One Two Three Four: The Beatles in Time
- Author: Craig Brown
- Language: English
- Subject: The Beatles
- Genre: Biography
- Publisher: 4th Estate
- Publication date: 10 April 2020
- Media type: Print (hardback & paperback)
- ISBN: 978-0-00-834000-1

= One Two Three Four: The Beatles in Time =

2020 non-fiction book by Craig Brown

One Two Three Four: The Beatles in Time is a non-fiction book written by satirist Craig Brown about the English rock band the Beatles.
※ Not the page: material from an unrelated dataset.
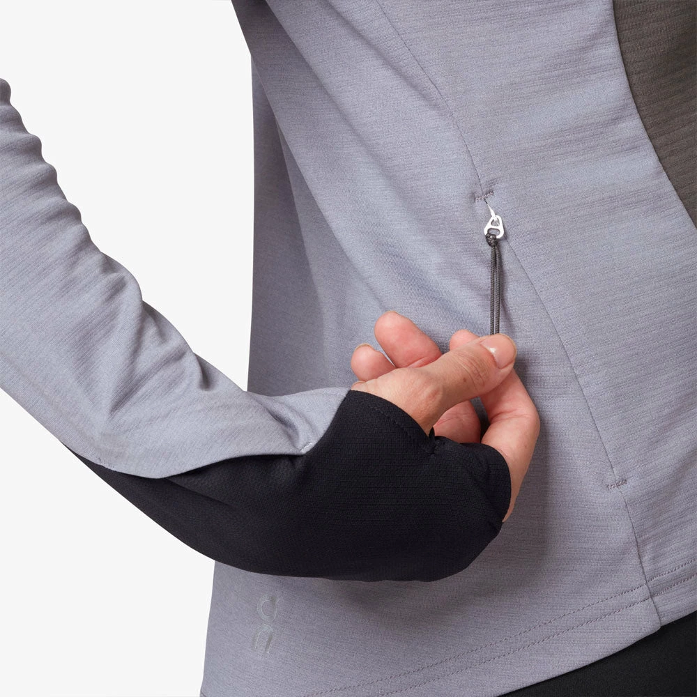 The On Clima-Shirt for women is the perfect layering piece for running in chilly weather or for wearing casually during your errands. This super soft top features excellent breathability from micro-ventilation-patterning, keeping moisture under control during activity. Laser-cut ventilation at the back provides further airflow and the adjustable V-neck design allow you to personalize this top according to the climate.

The book was published by 4th Estate on 10 April 2020, coinciding with the 50th anniversary of the announcement of the group's break-up.

==Reception==
===Critical reception===
Anthony Quinn of The Guardian called the book "not a biography so much as a group portrait in vignettes, a rearrangement of stories and legends whose trick is to make them gleam anew", and noted that it "does an intriguing sideline in characters who were tangential to the Beatles' story", such as Richard and Margaret Asher (whose daughter Jane was a girlfriend of Beatle Paul McCartney), drummer Jimmie Nicol, and former police constable Eric Clague.

Nuala McCann of The Irish News wrote: "Craig Brown's rollicking roll back in time is worth a listen just to wonder at the things people do in the name of fandom and to feed that little twinge of nostalgia sweet and tender as the first bite of the madeleine."

"More than just a nostalgic hagiography, Brown succeeds in "putting the Beatles in their place as well as their time," Dominic Green wrote in Literary Review, as the book reveals how "the exceptional strangeness of The Beatles reflects the ordinary oddity of real life." Green called it "by far the best book anyone has written about them and the closest we can get to the truth."

Esquires Alex Bilmes wrote that "Brown hits all the beats you might expect from a Beatles biography, from jagged first stabs through the swelling roar of the Beatles' imperial phase to the sour diminuendo of the band's dissolution. But he places at least as much emphasis on what may seem inessential, tangential, ephemeral, as he does on the big stuff." Bilmes concludes that the book is "a tragicomedy. Both dark and sunny, like a Lennon/McCartney song."

===Honours===
The book won the 2020 Baillie Gifford Prize for Non-Fiction. Journalist Martha Kearney, who served as one of the judges that year, called it "a profound book about success and failure which won the unanimous support of our judges. Craig Brown has reinvented the art of biography [...] The idea of there being a fresh book about the Beatles is quite hard to imagine as there is so much written about them—but it is such an original book". The book was chosen by comedian and TV host Griff Rhys Jones for Sara Cox's talk show Between the Covers.